Jane Martin

Personal information
- Nationality: British (English)
- Born: 1972 (age 53–54) Newcastle upon Tyne, England

Sport

Women's singles
- Highest ranking: No. 11 (January, 1998)

Medal record
Squash
Representing England
WSF World Team Squash Championships
| Silver medal – second place | 1998 Stuttgart | team |
European Team Championships
| Gold medal – first place | 1996 Amsterdam | Team |
| Gold medal – first place | 1997 Odense | Team |
| Gold medal – first place | 1998 Helsinki | Team |

= Jane Martin (squash player) =

English squash player (born 1972)

Jane Martin (born 1972) is a female retired professional squash player who represented England. She reached a career high ranking of 11 in the world during January 1998.

== Biography ==
Martin reached a career-high world ranking of World No. 11 in January 1998. Martin won a silver medal at the 1998 Women's World Team Squash Championships and is an eleven times winner of the Northumbria SRA County Championship.

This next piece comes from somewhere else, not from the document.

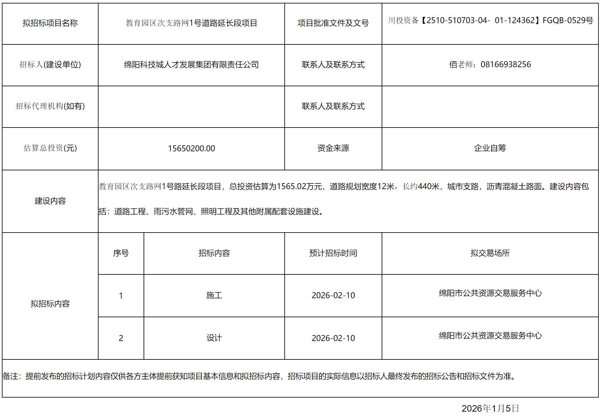 教育园区次支路网1号道路延长段项目招标计划公告

Martin represented the 1998 England team in the women's doubles event, at the 1998 Commonwealth Games in Kuala Lumpur, Malaysia.

Martin won three consecutive gold medals for the England women's national squash team at the European Squash Team Championships from 1996 to 1998.

She was appointed as Central Regional Coach by Scottish Squash in 2018 and has been the resident coach at the Bridge of Allan Sports Club since 2006.